### DIRECTIONS FOR THIS TASK
Taking the line with "給食委員の子ども達が、「野菜" as the first and the line with "Kahverengi süet kumaştan, kemerli, yüksek" as the last, set down the lines below exactly, pictures excluded.

### RECORDED INFORMATION
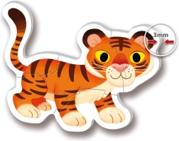Questo set include quattro puzzle separati con motivi di amati animali del safari. Grazie al diverso numero di pezzi (2, 3, 4 e 5) il bambino acquisisce gradualmente sicurezza e piacere nel comporre. I pezzi grandi e robusti, con uno spessore di 3 mm, sono adatti alle piccole mani dei bambini e sono facili da maneggiare.
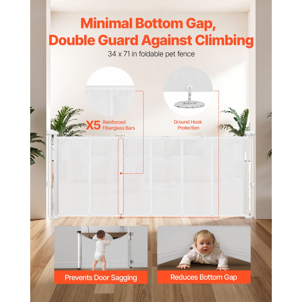 Rozkładana konstrukcja: Ta biała bramka siatkowa ma szerokość do 180 cm (71 cali) i wysokość do 87 cm (34 cali), co pozwala na regulację rozmiaru otworu w razie potrzeby. Rozkładana konstrukcja ułatwia przechowywanie, gdy nie jest używana, zajmuje minimalną ilość miejsca i utrzymuje porządek w domu.
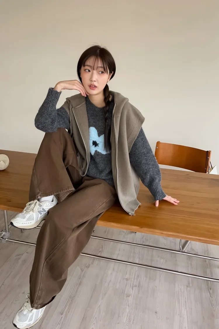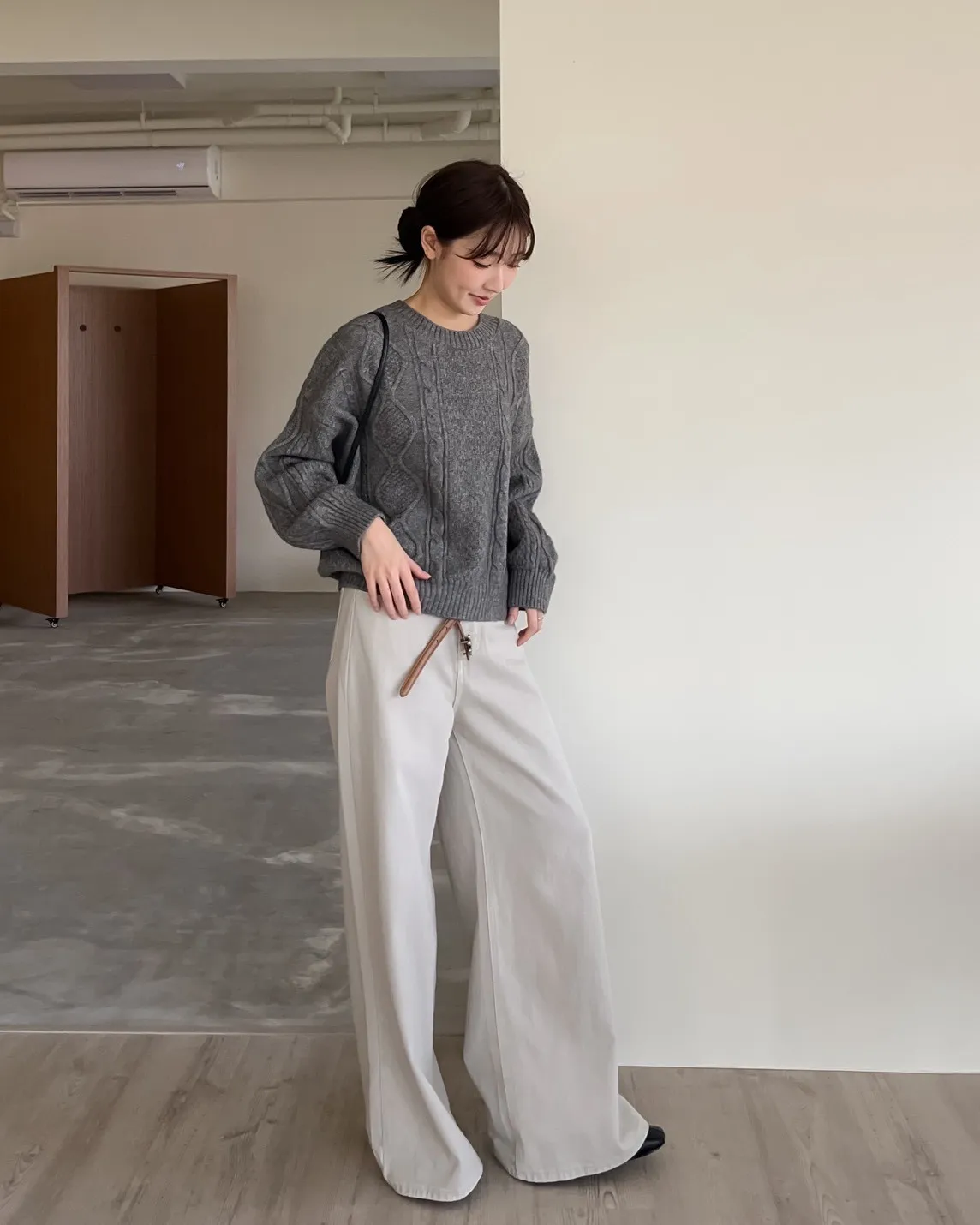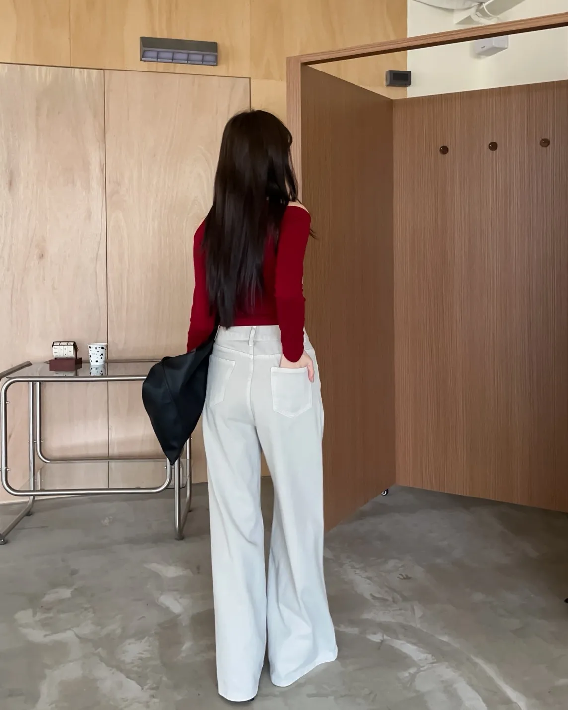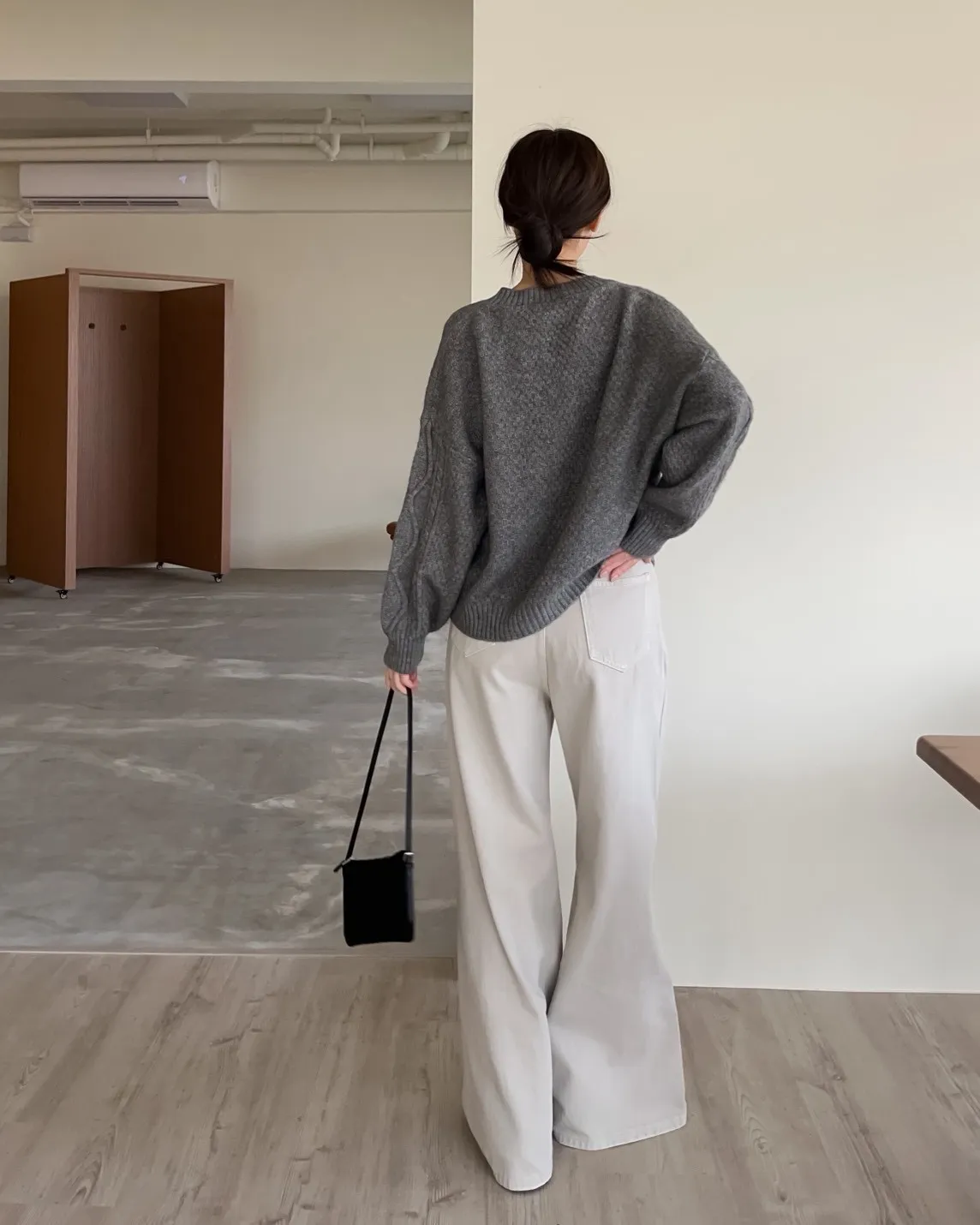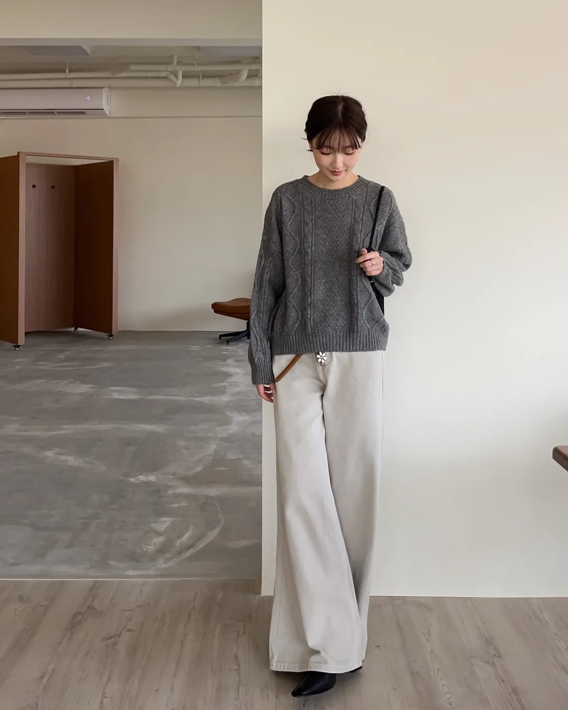 W0017奶咖色系水洗寬管落地長褲(杏/咖啡)
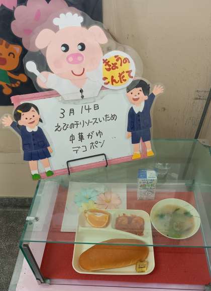 給食委員の子ども達が、「野菜が苦手な人もおいしく調理されているので好き嫌いせず食べてくださいね!」と呼びかけていました。
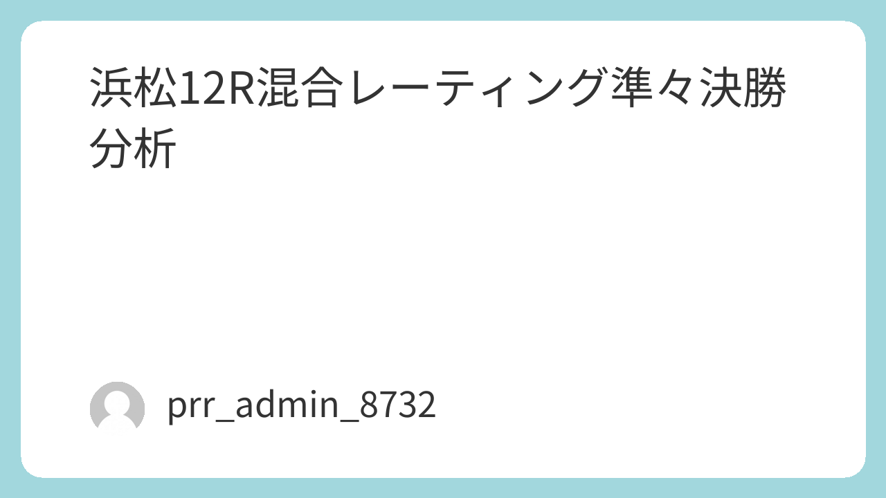 浜松12R|混合レーティング準々決勝戦データ分析【2026/4/17】
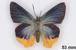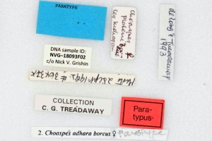 1-3: Paratypus ♀ von Choaspes adhara boreus de Jong & Treadaway, 2007, Synonym von Choaspes adhara adhara, Daten siehe Etiketten (fot.: Nick V. Grishin, Fotos bearbeitet: Michel Kettner), coll. Senckenberg Museum für Tierkunde, Frankfurt.
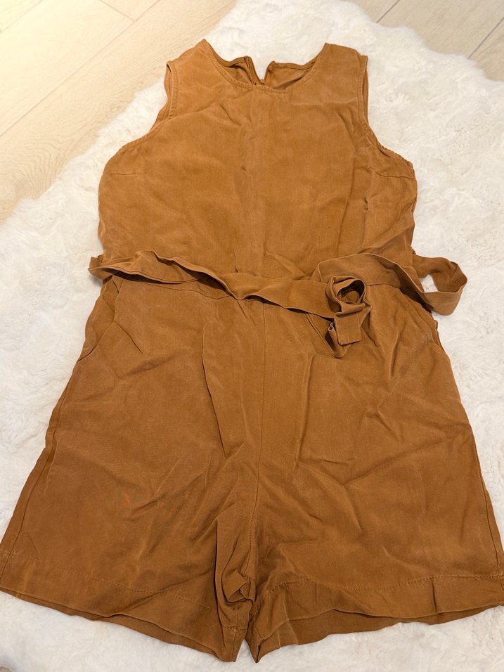 Kahverengi süet kumaştan, kemerli, yüksek yakalı ve kolsuz kısa tulum. Midi boy ve bohem tarzda, dış mekan kullanımı için uygundur.
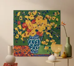 Ein Stillleben mit Zitronen in einer blauen Schale, die auf einem reichhaltigen violetten Tuch ruht. Dahinter steht eine hohe gelbe Vase mit weißen Zweigen vor einem feurig orangefarbenen Hintergrund, der eine kontrastreiche, farbenfrohe Szene erzeugt.
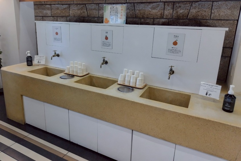 左の蛇口から、「いよかん」「清見(温州みかん×トロピタオレンジ)」「不知火(清見×ポンカン)」。私は酸味の強い「いよかん」が好みだった。

### WRITTEN SOLUTION
 給食委員の子ども達が、「野菜が苦手な人もおいしく調理されているので好き嫌いせず食べてくださいね!」と呼びかけていました。
 浜松12R|混合レーティング準々決勝戦データ分析【2026/4/17】
 1-3: Paratypus ♀ von Choaspes adhara boreus de Jong & Treadaway, 2007, Synonym von Choaspes adhara adhara, Daten siehe Etiketten (fot.: Nick V. Grishin, Fotos bearbeitet: Michel Kettner), coll. Senckenberg Museum für Tierkunde, Frankfurt.
 Kahverengi süet kumaştan, kemerli, yüksek yakalı ve kolsuz kısa tulum. Midi boy ve bohem tarzda, dış mekan kullanımı için uygundur.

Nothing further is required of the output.